Material for this exercise:
:::
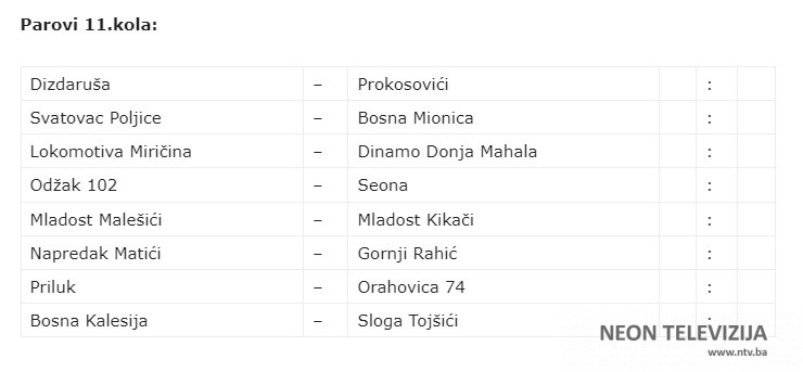 U narednom kolu na Gradskom stadionu u Kalesiji igra se lokalni derbi između Bosne iz Kalesije i Sloge iz Tojšića, dok će Mladost iz Kikača gostovati kod imenjaka iz Malešića.
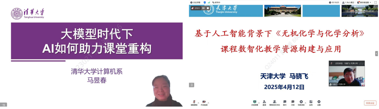 4月12日,第五讲由清华大学马昱春教授作了题为“大模型时代下ai如何助力课堂重构”的专题讲座。她以课堂教学为出发点,生动地讲述了大模型究竟是什么。在谈到面向教学的ai时,她展示了如何制作面向自己课程的个性化智能体,并根据自己的授课观察分享了ai在教学中的应用心得,以及利用deepseek重构教学的思考。天津大学马骁飞教授做了题为《基于人工智能背景下 <无机化学与化学分析> 课程数智化教学资源构建与应用》的报告。他分享了如何利用人工智能平台实现对课程辅助,通过混合式教学,以及利用ai平台引进知识图谱和数字化教材建设,对学生的学习全过程做记录,形成更全面的评价体系,提高教学质效。
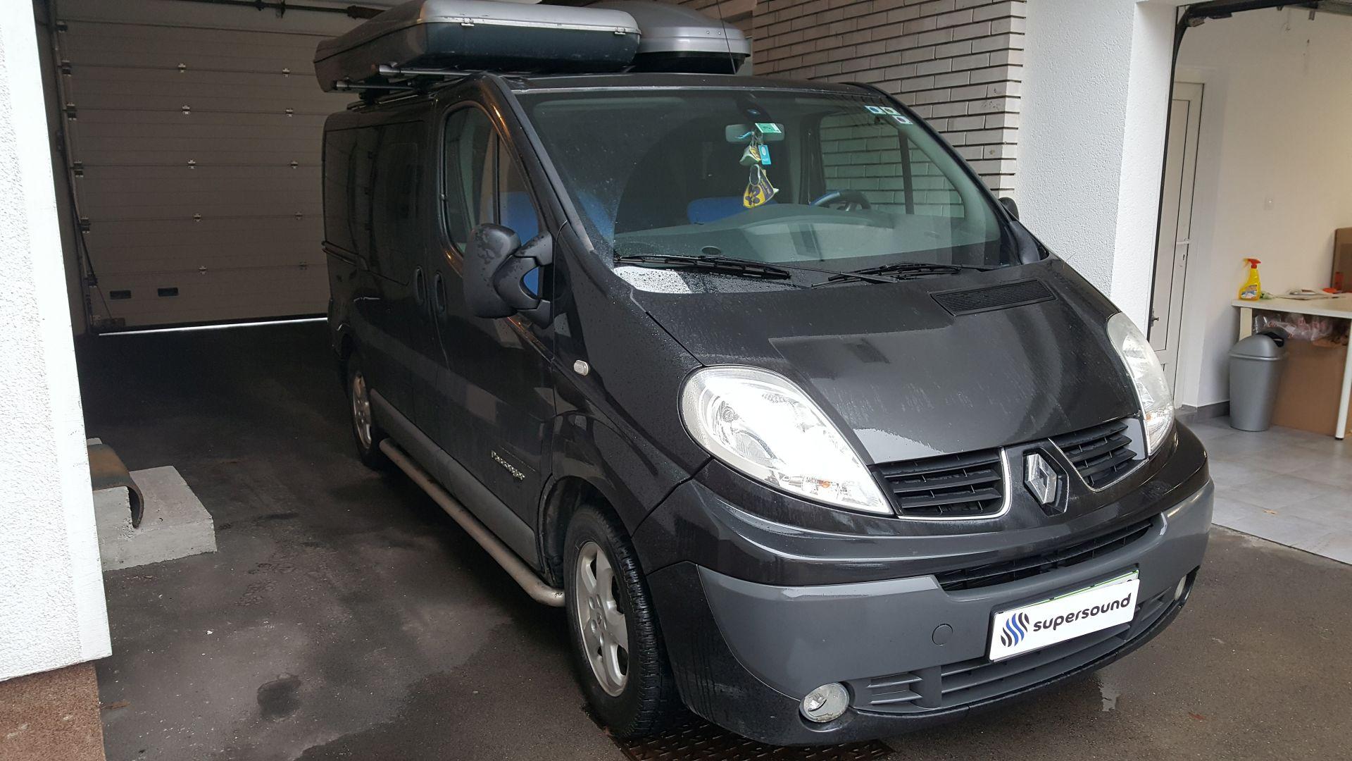 Za zabavo potnikov na zadnjih sedežih smo v Renault Trafic-u vgradili 10.1″ (25.6cm) stropni LCD, ki ima vgrajen lasten multimedijski predvajalnik z USB vhodom. Zvok se lahko z LCD zaslona prenaša na zvočnike v vozilu ali pa se vsebino posluša preko para IR brezžičnih slušalk.
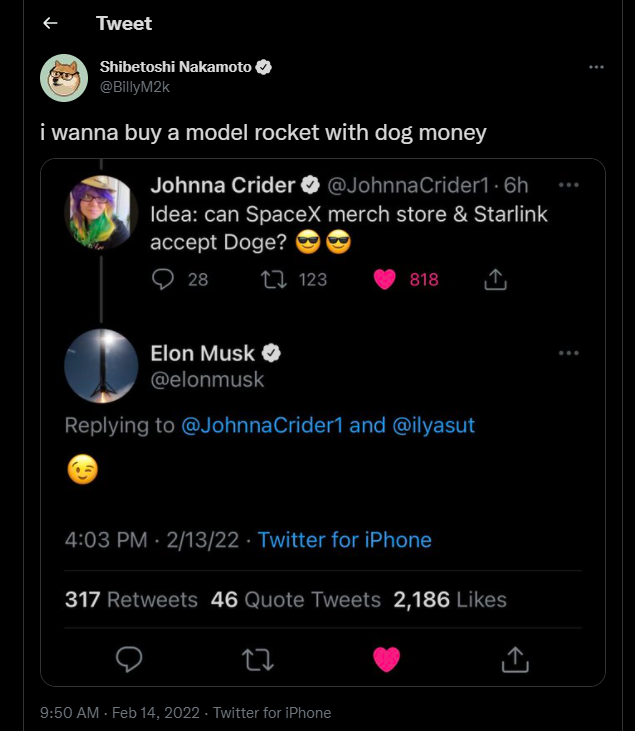 In a recent update, Elon Musk has signaled that satellite internet provider Starlink could start accepting Dogecoin. Starlink is committed to offering high-speed broadband internet to customers in the most remote area of the planet. Further, the rumors are ripe that Musk’s SpaceX could also enable Dogecoin payments. According to the U.Today, the space exploration company is already in the process to accept DOGE for a moon mission called DOGE-1 that is supposed to launch in the first quarter of 2022.
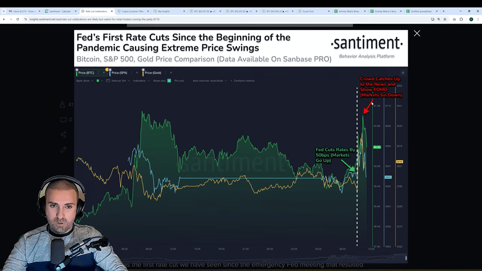 In the latest Santiment market update, Brian Quinlivan, Director of Marketing, and Maksim Balashevich, CEO of Santiment, dive deep into the latest crypto trends. From market volatility to on-chain data, they provide a fascinating look at how investors can use data to navigate the unpredictable world of crypto. In this article, we break down the key takeaways from their discussion, including the impact of the recent US Fed rate cut, social sentiment analysis, and on-chain metrics that could signal future market movements.
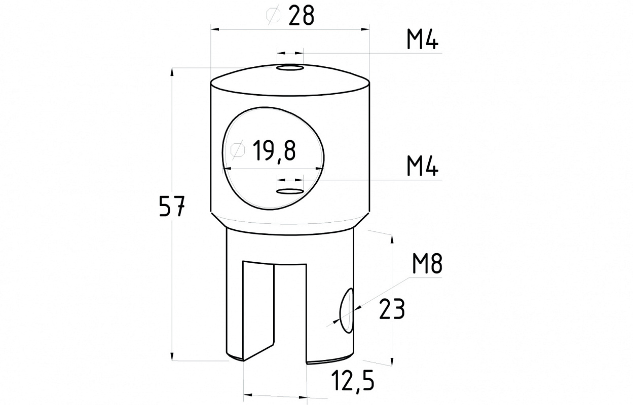 Держатель стекла торцевой, труба 19мм ПВХ, стекло 8-10 мм, прокладка 0,5 мм (прозрачная).
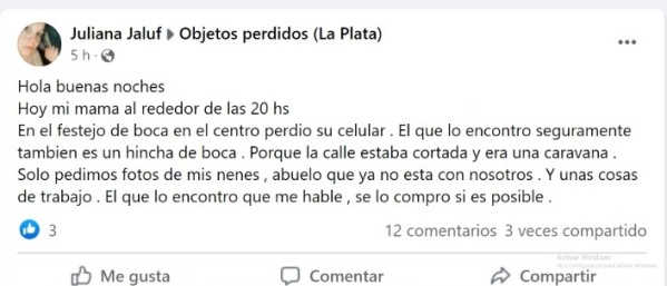La publicación fue hecha en la página de Objetos Perdidos (La Plata), donde contaron “En el festejo de boca en el centro perdió su celular. El que lo encontró seguramente también es un hincha de boca. Porque la calle estaba cortada y era una caravana”.
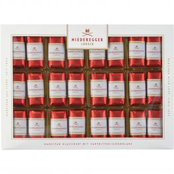 Savor the timeless charm of Niederegger’s miniature marzipan loaves, swathed in silky dark chocolate and arranged in a tasteful box. Each bite reveals a fragrant almond heart, finished with a glossy cocoa sheen.
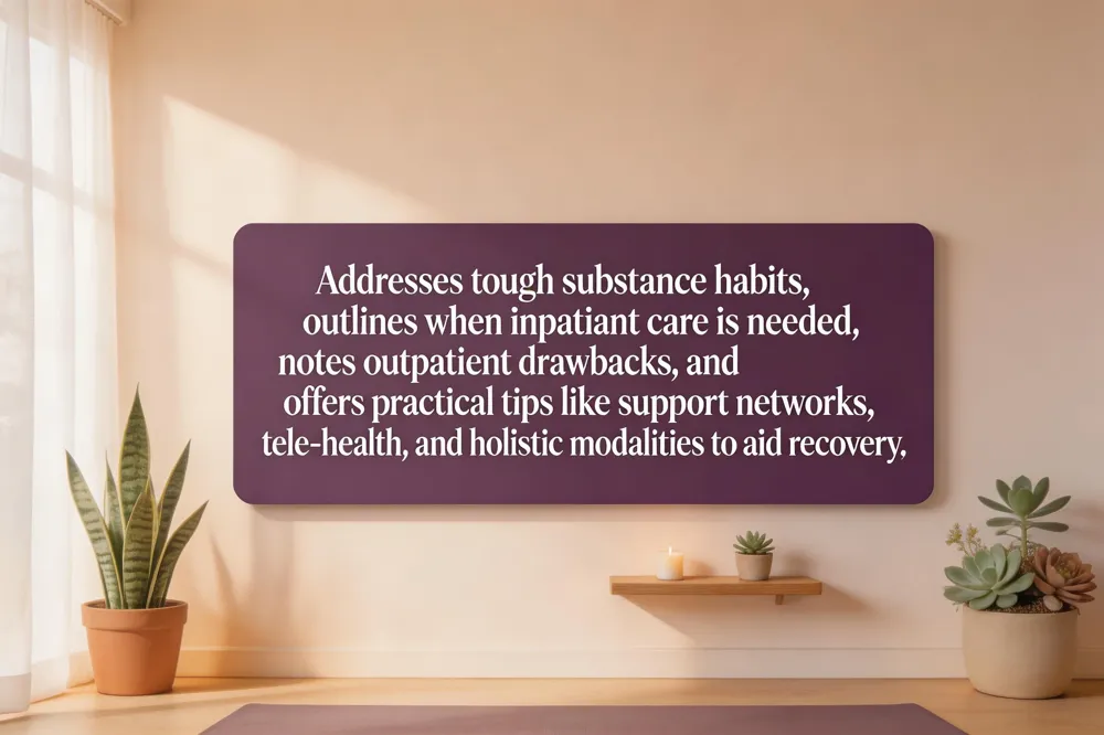 Practical tips include establishing a reliable support network, using tele‑health check‑ins for rapid crisis response, and integrating holistic modalities—nutrition counseling, mindfulness, and acupuncture to reduce stress and improve overall well‑being during the outpatient detox journey.
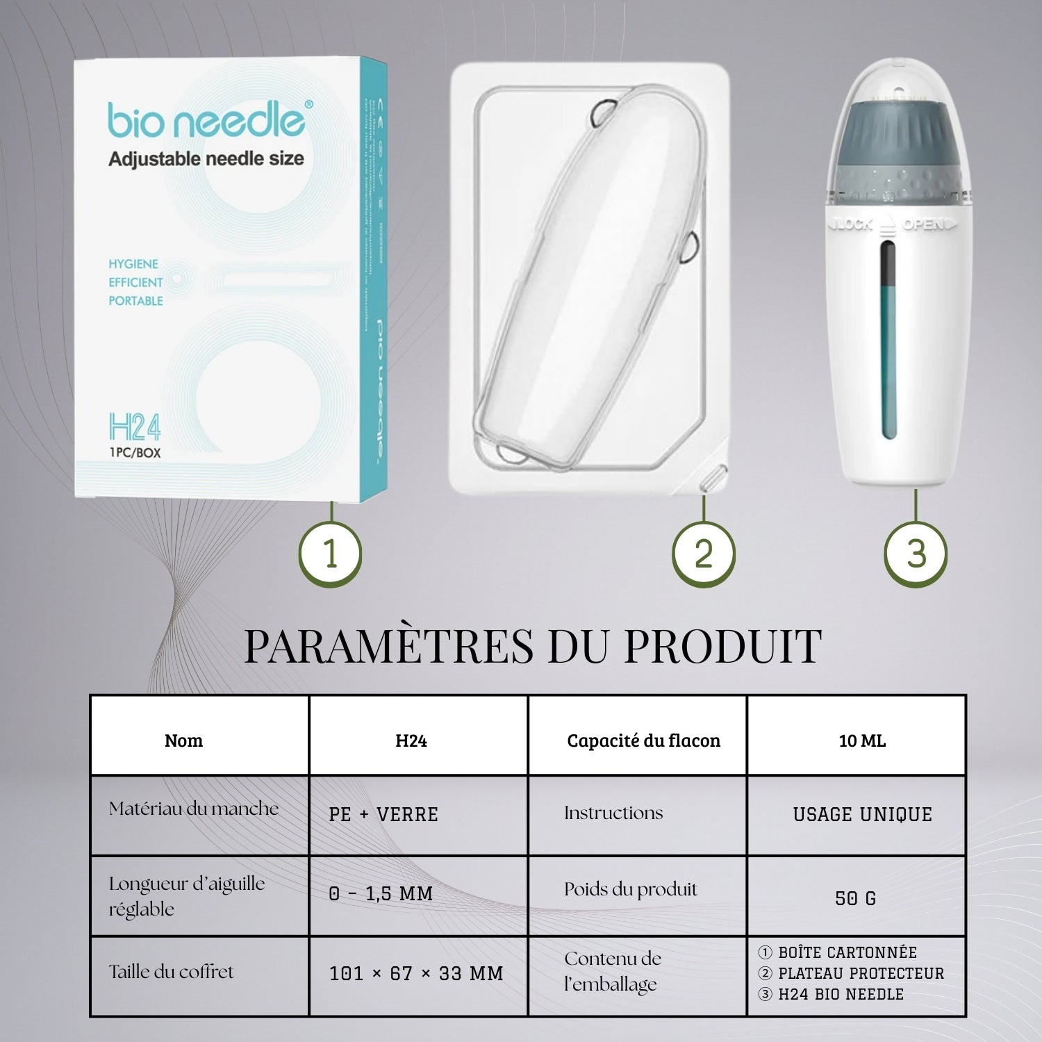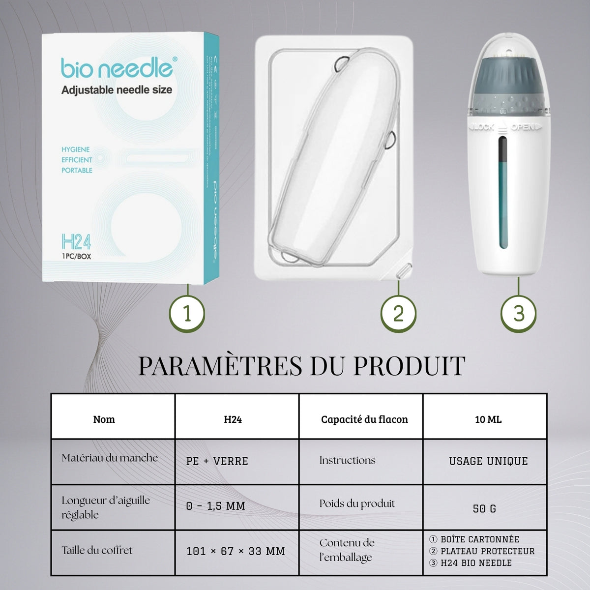 Conçu selon des standards rigoureux, le Bio Needle H24 offre une combinaison idéale entre sécurité, performance, et résultats visibles. C’est l’outil parfait pour une routine beauté complète et efficace, directement à domicile.
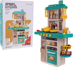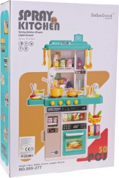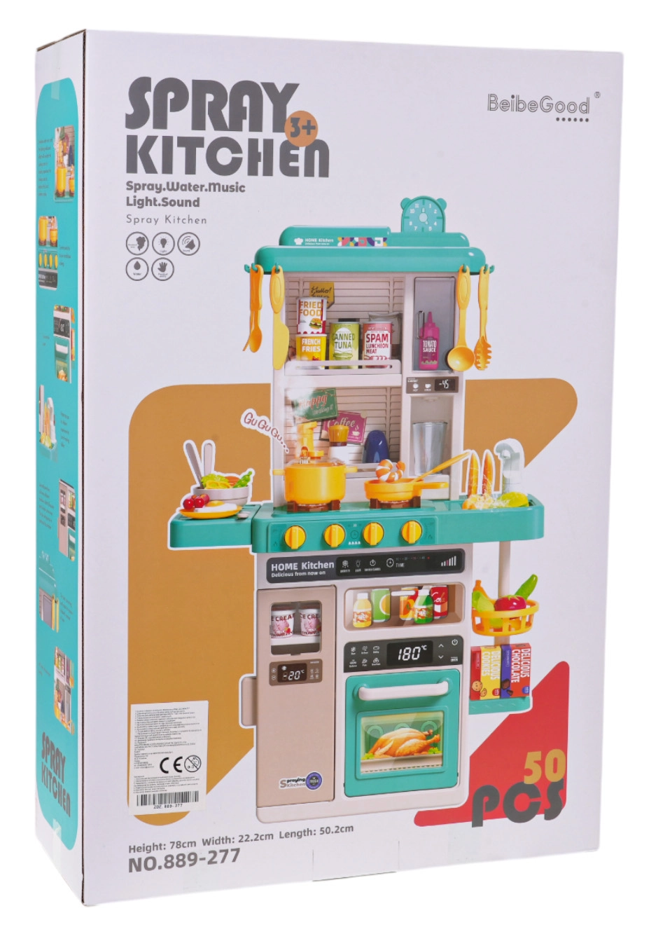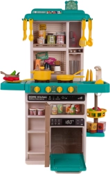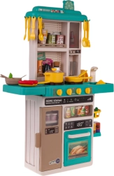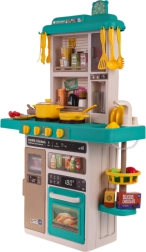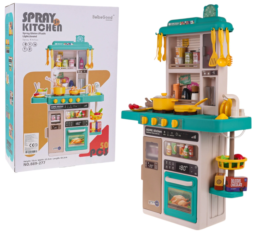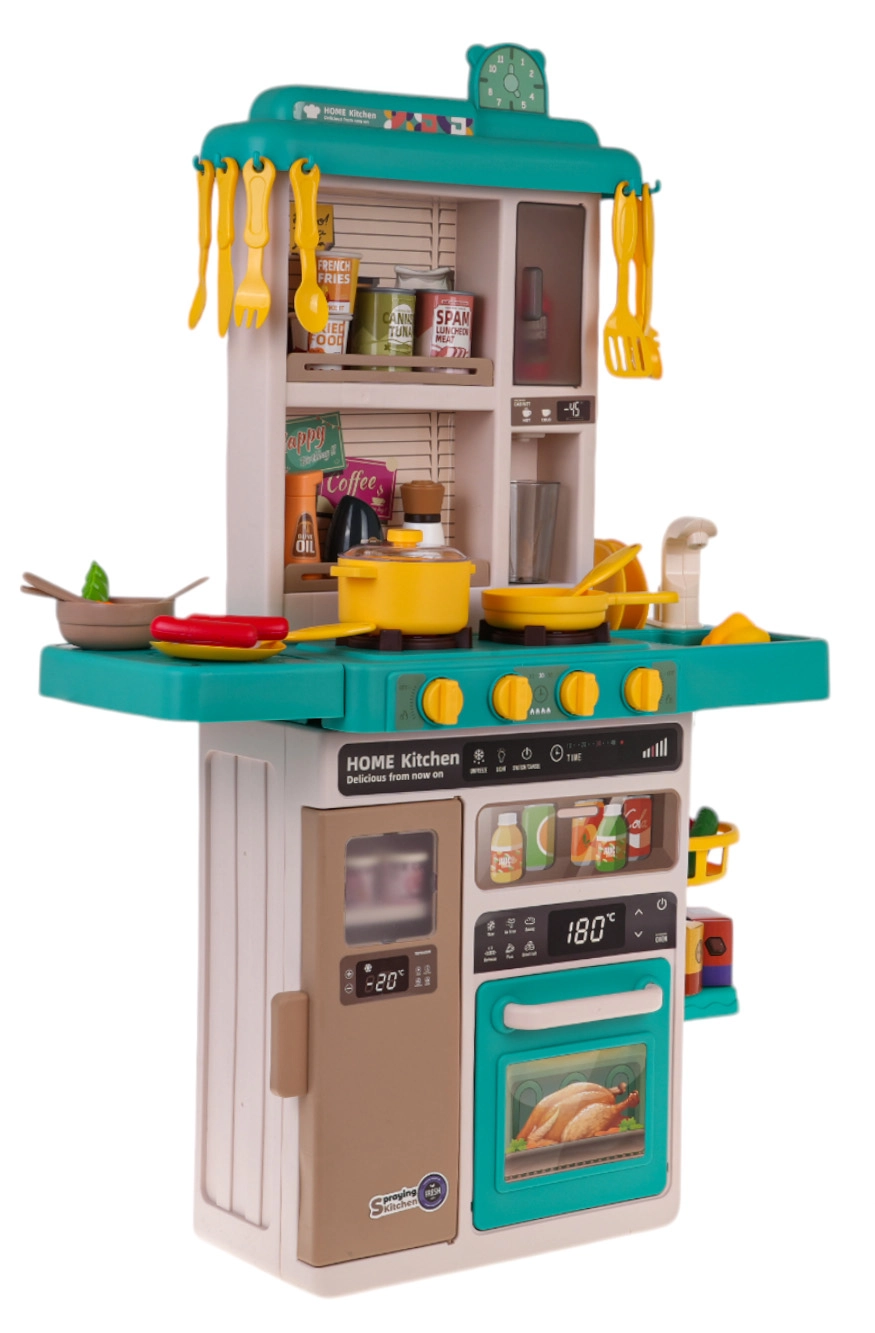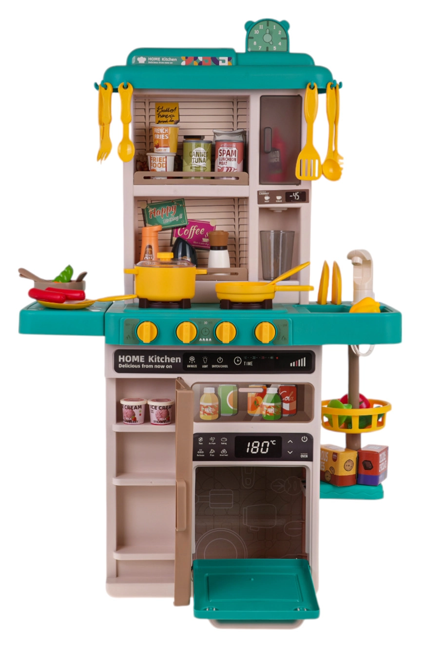 Развийте детското въображение с интерактивна кухня, която предлага светлинни ефекти, реалистични звуци на готвене и пържене, течаща вода от чешмата и дори безопасна водна пара от котлона. Богатият комплект от 50 части, качествената пластмаса и живите цветове правят тази кухня идеална играчка за деца от 3 години.
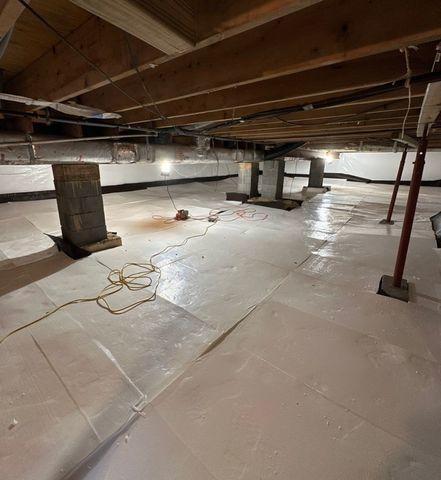 Clean space covering the floors and foundation supports will help keep moisture contained below.
:::
Task description: Print nothing except the lines above from the one containing "Savor the timeless" down to the one containing "Practical tips include", both included, exactly as written and free of pictures.

Output for this task:
 Savor the timeless charm of Niederegger’s miniature marzipan loaves, swathed in silky dark chocolate and arranged in a tasteful box. Each bite reveals a fragrant almond heart, finished with a glossy cocoa sheen.
 Practical tips include establishing a reliable support network, using tele‑health check‑ins for rapid crisis response, and integrating holistic modalities—nutrition counseling, mindfulness, and acupuncture to reduce stress and improve overall well‑being during the outpatient detox journey.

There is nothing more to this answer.